Business Operations¶
Best with: Claude 3.5 Sonnet, GPT-4o, Gemini Flash Why: Email and meeting tasks benefit from nuanced understanding of professional context and relationship dynamics. For quick drafts, smaller/faster models work well; for sensitive communications, use a frontier model.
Research¶
Best with: Claude 3.5 Sonnet (200K context for document analysis), GPT-4o with web search Why: Research tasks often involve synthesizing large amounts of information. Long-context models handle document dumps better.
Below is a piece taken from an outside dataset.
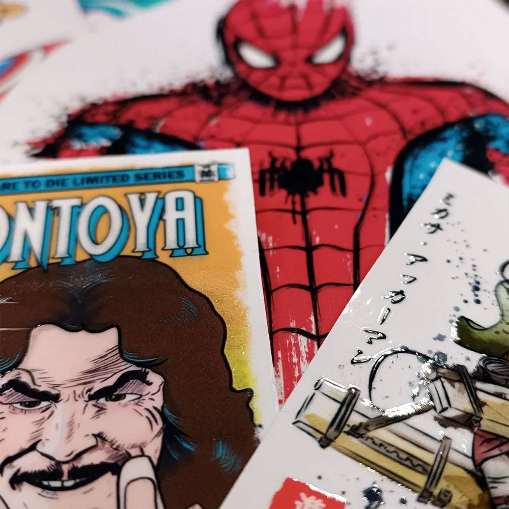 El DTF UV es un transfer tipo pegatina protegida con capas de barniz, resistente a los roces para pegar en cualquier tipo de material no textil como vidrio, cartón o plástico, entre otros.

Web-enabled models can pull in current data.
Creative Work¶
Best with: Claude 3.5 Sonnet, GPT-4, Gemini Why: Creative tasks benefit from models that take interesting "risks" in their outputs. Temperature settings matter — try 0.8-1.0 for brainstorming, 0.5-0.7 for refined creative output.
Prompt Chaining Strategies¶
Sequential Refinement¶
Start with a broad prompt, evaluate the output, then follow up with targeted refinements: 1. "Write a blog post about [TOPIC]." → gets a first draft 2. "Make the introduction more personal, add a customer story." → improves specific sections 3. "Shorten everything by 20% and add subheadings." → tightens and structures
Parallel Generation¶
For creative tasks, run the same prompt 3-5 times (or ask for 3-5 variants in one prompt) and select the best. Models are non-deterministic — different runs produce different ideas.
Role-Based Chaining¶
Use different system prompts for different stages: 1. Researcher persona: gather facts and outline structure 2. Writer persona: draft the content 3. Editor persona: review, tighten, improve flow 4. Fact-checker persona: verify claims and data
Common Pitfalls and Fixes¶
| Problem | Likely Cause | Fix |
|---|---|---|
| Output is too generic | Placeholders too vague | Add specific constraints, examples, audience details |
| Model ignores a key requirement | Buried in long prompt | Put critical requirements at the top or repeat them |
| Code doesn't run | Missing context about environment | Specify language version, framework, dependencies |
| Creative output is bland | Temperature too low | Use temperature 0.8-1.0; ask for "surprising" or "unconventional" ideas |
| Analysis is shallow | Didn't provide schema or data sample | Give the actual structure, not a description of it |
| Email feels robotic | No style examples given | Paste 2-3 examples of your own writing as reference |
Contributing¶
These prompts are starting points. As you discover effective variations, adapt them to your workflow. The best prompt is the one that consistently produces useful output for your specific context — invest in refining it over time.